1. ## Particular Solution for Constant Coefficients ODE

Hello Everyone!

I'm trying to recall the basics of ODEs, I'm using that in my systems course. Suppose, we have an equation:
$\displaystyle y'+y=f(x)$
The solution would be 2 contributions, the solution to the homogenous equation and the particular solutions, now my questions are:

(1) Does the particular solution have to be of the form $\displaystyle f(x)$?
(2) Take $\displaystyle f(x)$ to be the unit step function $\displaystyle u(x)$, what would then the solution be?

Thanks for the help?

2. (1) Typically, you take your guess from the form of f(x).

(2) I would use the standard integrating factor method for solving this equation.
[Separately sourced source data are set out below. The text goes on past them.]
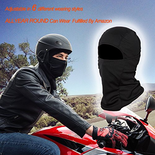 -. Feature : ✅THIN & BREATHABLE BALACLAVA - This Face Mask Balaclava is Lightweight but Breathable with Breathable Material Allows Easy Breath. Extremely Strong and Durable- Wrinkle free - Portable and Comfortable - Quick Drying. Stay Warm and Dry. / ✅MOISTURE WICKING & UV PROTECTION ETC.- Our Full Face Mask Provide Premium Performance for Absorbency Wicking and UV Protection. Sun and Wind, Dust and Pollution, Rain and Snow. Your face, Ear and Neck are Under Great Exposure to these Harmful Factors. / ✅HIGH-TECH MATERIAL & UNIQUE DESIGN - Premium Hi-Tech Polyester Fibers-Absorbency, Wicking, Durability and Abrasion Resistance, wrinkle free. Can be Worn as an Open or Closed Balaclava, Scarf, Hat or Face Mask, also with the Chin Dropped or as a Neck Gaiter for Greater Ventilation or Saharan Style and Ninja Hoodie. / ✅MULTIPURPOSE USE - Ideal for the Use When Motorcycling, Riding, Cycling, Running, Trekking, Climbing, Skiing, Tactical training and Other Outdoor Sports. Also It is Perfect to be the Essential Equipment of War Games, Airsoft Paintball and Hunting. / ✅ONE SIZE FITS MOST - Elastic Fabrics with 4-Way Stretch Makes Sure the Greater Mobility and Shape. It is Versatile to be used All the year around. In Summer, it is Sweat Absorption and Protect from the Sun. In winter, it Helps to Protect from Wind and Cold. Really Practical.
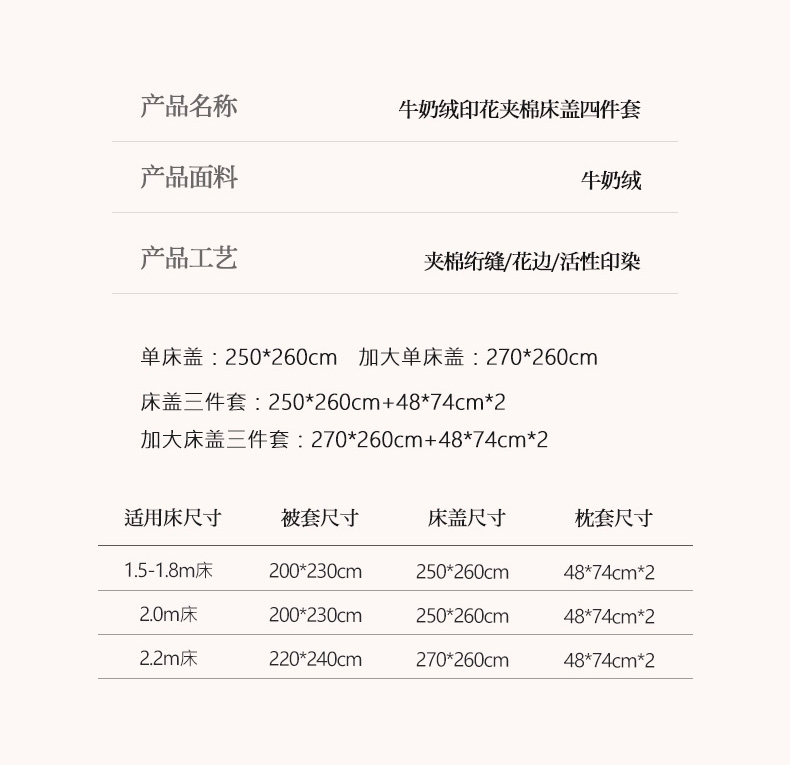 270*260cm床盖48*74cm枕套2只 | ¥70.00 |
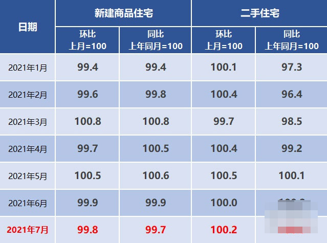 根据国家统计局最新数据显示,2021年7月份泸州新建商品住宅销售价格环比上月下降0.2%,同比上年同月下降0.3%。泸州二手住宅销售价格环比上月上涨0.2%,同比上年同月上涨0.6%。

The integrating factor is just $\displaystyle e^{x},$ so you'd get the following:

$\displaystyle [e^{x}y]'=e^{x}f(x)$

$\displaystyle \displaystyle e^{x}y=\int u(x)e^{x}\,dx=(e^{x}-1)\,u(x)+C\dots$

3. I tried substituting that but didn't work... Tried this

$\displaystyle y'e^x + ye^x = u(x)e^x$ becomes $\displaystyle (ye^x)'=u(x)e^x$
so $\displaystyle y=\displaystyle \frac{\int e^x . u(x) dx}{e^x}$ okay but what's $\displaystyle \displaystyle \int e^x . u(x) dx$?

4. Originally Posted by rebghb
I tried substituting that but didn't work... Tried this

$\displaystyle y'e^x + ye^x = u(x)e^x$ becomes $\displaystyle (ye^x)'=u(x)e^x$
so $\displaystyle y=\displaystyle \frac{\int e^x . u(x) dx}{e^x}$ okay but what's $\displaystyle \int e^x . u(x) dx$?
It's the far RHS of the second equation of my first post.